## ASSIGNED TASK:
Once the line containing "心理健康教育中心教师李方明就" is reached in the listing below, reproduce it and all later lines through the final one exactly, but omit any pictures.

## SOURCE DATA:
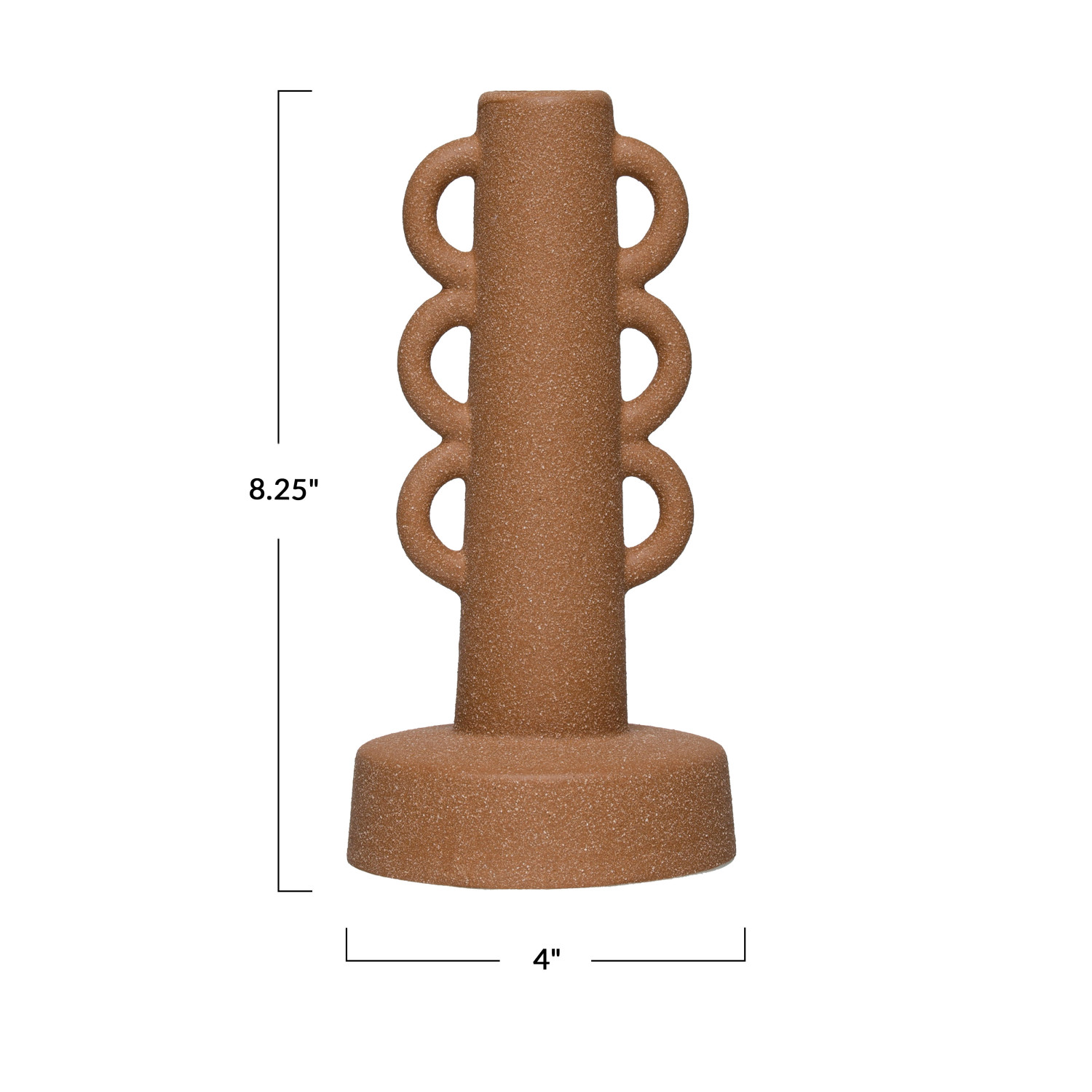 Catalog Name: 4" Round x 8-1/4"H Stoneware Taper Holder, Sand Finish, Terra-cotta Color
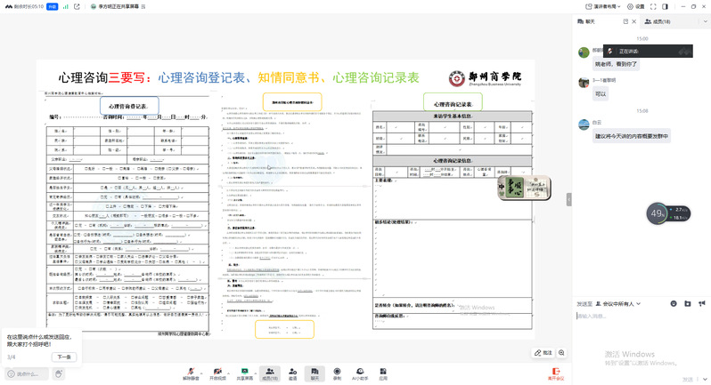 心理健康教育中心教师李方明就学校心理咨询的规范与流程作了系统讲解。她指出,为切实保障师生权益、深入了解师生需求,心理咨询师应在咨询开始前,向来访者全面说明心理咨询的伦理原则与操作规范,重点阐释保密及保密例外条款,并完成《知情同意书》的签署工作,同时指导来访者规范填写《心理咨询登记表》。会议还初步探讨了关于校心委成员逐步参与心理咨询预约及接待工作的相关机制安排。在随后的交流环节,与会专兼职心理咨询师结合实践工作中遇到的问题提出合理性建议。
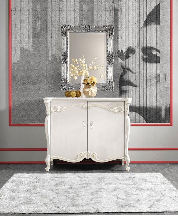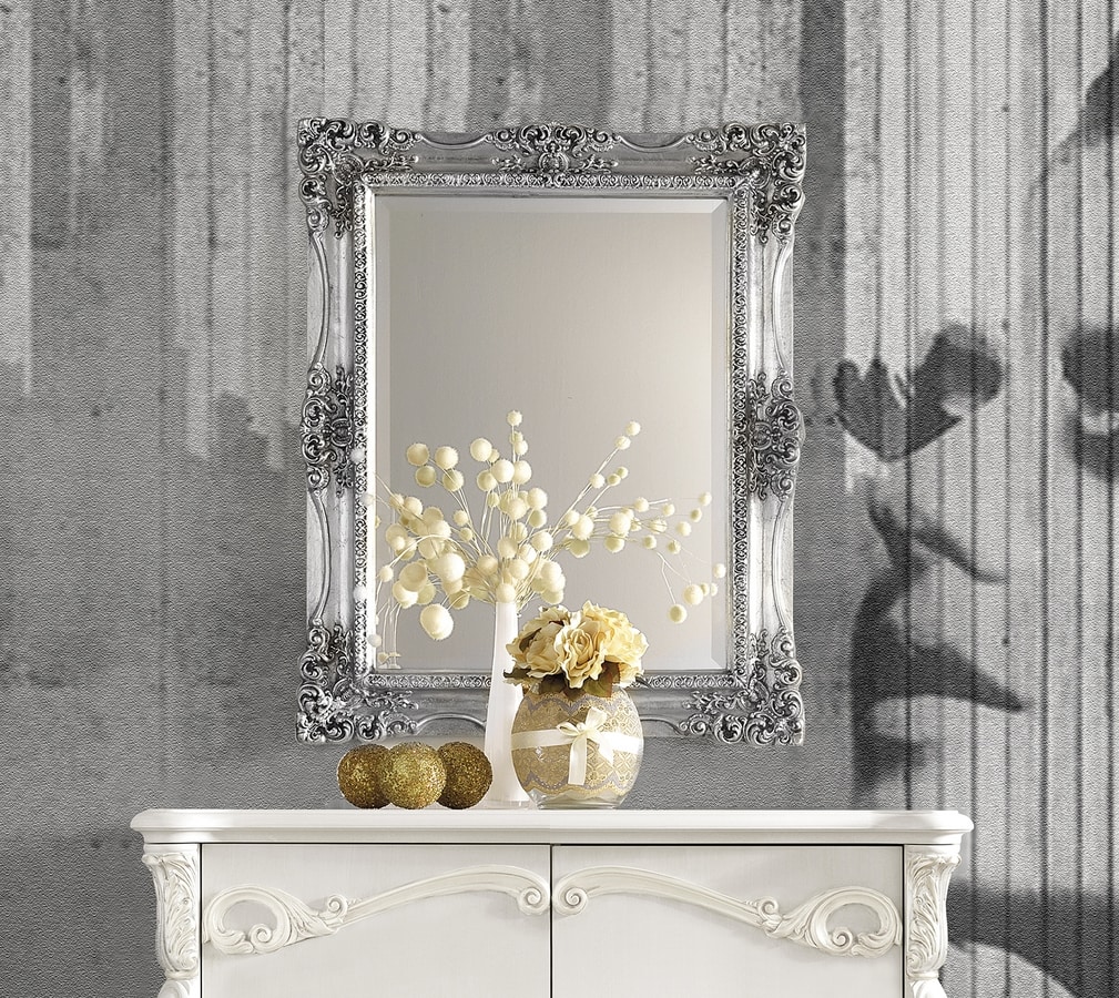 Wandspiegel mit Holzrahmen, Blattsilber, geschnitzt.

## RESULT FOR THIS TASK:
 心理健康教育中心教师李方明就学校心理咨询的规范与流程作了系统讲解。她指出,为切实保障师生权益、深入了解师生需求,心理咨询师应在咨询开始前,向来访者全面说明心理咨询的伦理原则与操作规范,重点阐释保密及保密例外条款,并完成《知情同意书》的签署工作,同时指导来访者规范填写《心理咨询登记表》。会议还初步探讨了关于校心委成员逐步参与心理咨询预约及接待工作的相关机制安排。在随后的交流环节,与会专兼职心理咨询师结合实践工作中遇到的问题提出合理性建议。
 Wandspiegel mit Holzrahmen, Blattsilber, geschnitzt.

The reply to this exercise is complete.